What happens when an AI agent tries to buy from your web shop

That makes it a useful diagnostic layer. Even before agent-assisted shopping becomes mainstream, it gives e-commerce teams a faster way to see where core journeys break, where false success signals appear, and where the buying experience depends too much on user patience. This is the main reason why the topic matters now.

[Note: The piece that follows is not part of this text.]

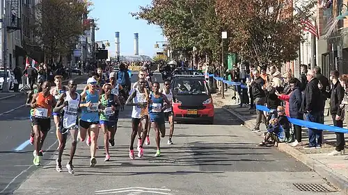 In the women's race Linden broke away from the leading pack and had built up a 15-second gap by 8 miles (13 km) which extended to 31 seconds by mile 11, but she was later caught by a pack of four before the halfway mark. American Sara Hall dropped out with a stomach illness after 18 miles (29 km).[3][15] At 20 miles (32 km) into the race, Keitany and Jepkosgei were in the lead together,[8] but 3 miles (4.8 km) later, Jepkosgei began to pull away and had put a four-second gap between the two.[3] The lead further increased to 16 seconds by mile 25 and she eventually finished in a time of 2:22:38, 54 seconds ahead of Keitany who finished second.[3] Ruti Aga finished third in a time of 2:25:51.[15] Jepkosgei's time is the second fastest on the course, behind the 2003 performance by Margaret Okayo. She was also the youngest winner, at the age of 25, since Okayo won in 2001.[3] Sinead Diver, at 42-years-old, was the oldest woman to finish in the top five since Priscilla Welch won in 1987.[16] Jepkosgei, in addition to the $100,000 of prize money, also earned $45,000 for finishing in under 2:23:00.[15] Linden won the prize for fastest American, finishing sixth in 2:26:26.[15]

I presented this research at Above Commerce 2026 in Zrenjanin, where Granular joined as an event partner. The broader conversation at the event was about where e-commerce is moving next, how user behavior is shifting, and what teams should prepare for before those changes become obvious in reporting. This research fits that context well because it sits right between AI, UX, search, and conversion reality.

What I presented there was not a claim that AI shopping is already mainstream in Serbia. It was simpler and more useful: if an AI agent consistently struggles with the same on-site patterns, those patterns deserve attention now, because they are already creating friction for real buyers.

Methodology: how I ran the test

I used an AI browser agent to simulate shopping behavior across Serbian web shops. The test covered 50 e-commerce stores and 10 scenarios. Each step captured the current URL, the agent’s action, its reasoning, a screenshot, and the page HTML. That gave me a way to review not just what the agent did, but why it thought it was making progress.

An example of a web shop visit

The scenarios were split into two groups.

Detailed scenarios gave the agent very explicit instructions. These were tasks such as finding a specific type of product in a specific shop and following a more controlled path.
Minimal scenarios were closer to real user intent. The agent got a goal, a budget, and a few constraints, then had to figure the rest out on its own.

There were also scenarios that started from Google, where the agent had to choose the shop itself before continuing the task.

This matters because detailed scenarios test whether a flow can be completed under guidance. Minimal scenarios test whether the shop works when the intent is clear, but the path is not. That second layer is where a lot of friction showed up.

The first result that matters: 100% reported success, 59% real success

This was the clearest signal in the entire test.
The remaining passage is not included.